Opera house documentary lifts lid on backstage crisis
Covent Garden on film: Fly-on-the-wall BBC television series set to reveal a picture of discord behind the lavish scenery
Monday 18 December 1995
But instead of images of passionate music-making and enthused music- lovers, the documentary shows a saga of gloomy staff, cursing directors and disgruntled opera-goers caught up in various disputes.
A BBC camera crew followed the life of the Opera House for a year, through the 1993-94 season, to create the six-part series to be shown from next month. Opera house officials had anticipated a celebration of its creative achievements, rather than an insight into tensions behind the lavish scenery. But Jeremy Isaacs, general director of the Opera House, said he was foolish to have expected such a film and claimed it was not a true reflection of the company. "It was naive of me to think we would get a measured picture of our work. I don't think it is that at all," he said.

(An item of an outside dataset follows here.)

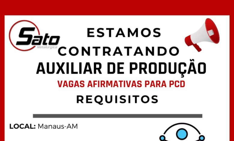 A Sato Metalúrgica está com uma excelente oportunidade para quem busca um trabalho com carteira assinada. A vaga é para auxiliar de produção em Manaus, com chances também para pessoas com deficiência (PCD), o que torna essa oportunidade ainda mais inclusiva.

Even Mr Isaacs's former career as a television executive did not protect him from the probing eye of the camera. He is seen in full flight angrily uttering a four-letter word, after the Arts Council resisted giving extra funding to pay for an alternative venue while the opera house is rebuilt under a pounds 200m redevelopment plan. The series gives a close-up account of the trials of the Opera House, including a spending crisis on Anthony Dowell's production of Sleeping Beauty, called "absolutely catastrophic" by the opera house chairman Sir Angus Stirling in a boardroom row with Isaacs.

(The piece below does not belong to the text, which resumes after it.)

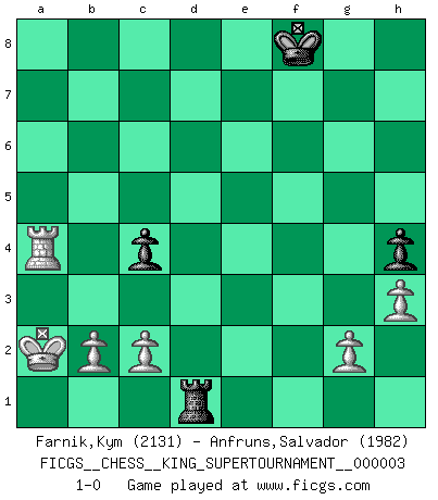 Last move : 1-0 2018 September 29 12:3:41 [Event "FICGS__CHESS__KING_SUPERTOURNAMENT__000003"] [Site "FICGS"] [Date "2018.09.16"] [Round "1"] [White "Farnik,Kym"] [Black "Anfruns,Salvador"] [Result "1-0"] [WhiteElo "2131"] [BlackElo "1982"] 1.e4 e5 2.f4 Nc6 3.Nf3 exf4 4.d4 g5 5.d5 g4 6.dxc6 gxf3 7.Qxf3 dxc6 8.Bxf4 Nf6 9.h3 Be6 10.Nd2 h5 11.O-O-O Bg7 12.Bc4 Bxc4 13.Nxc4 Qe7 14.Ne5 h4 15.Rhf1 Kf8 16.Rde1 Re8 17.Nd3 Nh5 18.Bh2 Qf6 19.Qd1 Qg6 20.Bxc7 Kg8 21.Kb1 Rh6 22.Bf4 Nxf4 23.Rxf4 Qd6 24.a3 b5 25.Qf3 c5 26.Rxf7 c4 27.Rxa7 Rf8 28.e5 Rxf3 29.exd6 Rf8 30.Nc5 Rxd6 31.Ne6 Bd4 32.Nxd4 Rxd4 33.Re5 Rd1+ 34.Ka2 R8f1 35.Re8+ Rf8 36.Rxf8+ Kxf8 37.a4 bxa4 38.Rxa4 1-0 King's gambit Queenside Castling by player White (move 11) 10 pieces endgame at move 38 : White KRPPPP , Black KRPP WHITE : King + 1 Rook 4 Pawns BLACK : King + 1 Rook 2 Pawns Player White won this chess game. Follow this game move after move (download)To avoid losing a piece, many a person has lost the game. (Savielly Tartakover) Im Blitz ist es einfacher mit einer Figur weniger anzugreifen, als sich mit einer Mehrfigur zu verteidigen. (Mikhail Nekhemyevich Tal) Si pudieramos observar el interior de la cabeza de un jugador de Ajedrez, encontraríamos ahí un mundo lleno de sentimientos, imágenes, ideas, emoción y pasión. (Alfred Binet) Horreur, mais aussi harmonie suprême : qu'y avait-il en effet au monde en dehors des échecs ? Le brouillard, l'inconnu, le non-être... (Vladimir Nabokov) Fame, I have already. Now I need the money. (an elderly Steinitz)

Staff struggle with outdated machinery; attempts to show that opera is not elitist are undermined by a shot of the Princess of Wales in the grand tier, while a working-class woman searches for her cut-price seat in the gods. Even Peter and Bill, the barmen in the Crush Bar, hate each other after three decades.
So why do prestigious institutions with troublesome public images lay themselves bare for the camera? The Opera House was anxious to justify its funding after years of allegations of elitism and profligacy in expectation of a large lottery bid - it was awarded pounds 55m.
According to its supporters, the Opera House will still benefit from television exposure. "It's a good thing when fly-on-the-wall crews lift the lid off how arts institutions work, warts and all," Graeme Kay, editor of Opera Now magazine said. "People will be quite surprised to find out how much dedication there is and it is providing productions that are the best in the world in terms of how much money they have to play with."
But a leading arts administrator said: "These institutions always think they are going to get something out of it that will enhance their image and then they're upset when they don't just get the straight PR puffery."
In the last three decades British institutions that have been wooed by the cameras include the police, the foreign office, the monarchy, a local golf club in Northwood, where all eight directors were forced to resign after it was shown as a bastion of male chauvinism, and the England football team, whose then manager, Graham Taylor, showed a colourful turn of phrase and temper.
At the Opera House an outburst of temper is displayed by Sir James Spooner, chairman of the opera board, who accuses Mr Isaacs of giving designers and directors too much freedom. "It really does annoy me, these grand people. They really are bastards the way they play us about like this . . . you don't kick 'em hard enough," he says.